# Water Outlet Valve - Cracked at Clamp (twice)



## JLL (Sep 12, 2017)

I have not but this will fix your problem:






Sonic Coolant Neck


The Racer X Fabrication coolant neck for the 2012+ Chevy Sonic 1.4L, 2011+ Chevy Cruze 1.4L and 2015-2019 Chevy Trax 1.4L is a direct replacement for the OEM coolant neck. If you have ever found that you have become stranded in the middle of...




racerxfabrication.com





50,000 miles is pretty good for a plastic water outlet.


----------



## Tpstr (Jul 18, 2015)

Mine broke there too. There’s not a lot you can do. Plastic is subject to engine heat, pressure from clamps, & heat of the coolant inside.


JLL said:


> I have not but this will fix your problem:
> 
> 
> 
> ...


Just bought one. Will hang onto it to replace the next failure in one of my two 2016 Cruzes. First one failed at 93,000 miles. The other hasn’t had any problems with that, but it only has 30,000 miles on it.


----------



## Konner6277 (12 mo ago)

Tpstr said:


> Mine broke there too. There’s not a lot you can do. Plastic is subject to engine heat, pressure from clamps, & heat of the coolant inside.
> 
> Just bought one. Will hang onto it to replace the next failure in one of my two 2016 Cruzes. First one failed at 93,000 miles. The other hasn’t had any problems with that, but it only has 30,000 miles on it.


Thank you.

I replaced the outlet, hoses, and clamps (screw clamps).

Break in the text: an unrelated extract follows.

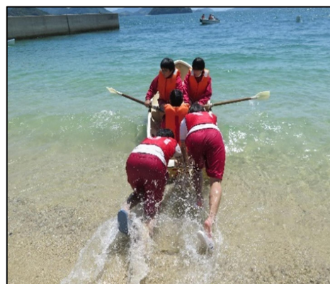
昨年度の活動の様子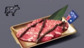
K05 เนื้อโพงาย AUS ซอสทรัฟเฟิล AUS Chuck Eye Beef with Truffle Sauce เนื้อโพงาย AUS ซอสทรัฟเฟิล 249 ฿

I’ve done a couple 80 mile runs in the highway and no leaks


----------



## Konner6277 (12 mo ago)

JLL said:


> I have not but this will fix your problem:
> 
> 
> 
> ...


Thank you I will keep this link.

hopefully I won’t see this leak again for a while.


----------



## JLL (Sep 12, 2017)

Konner6277 said:


> Thank you I will keep this link.
> 
> hopefully I won’t see this leak again for a while.


Your welcome


----------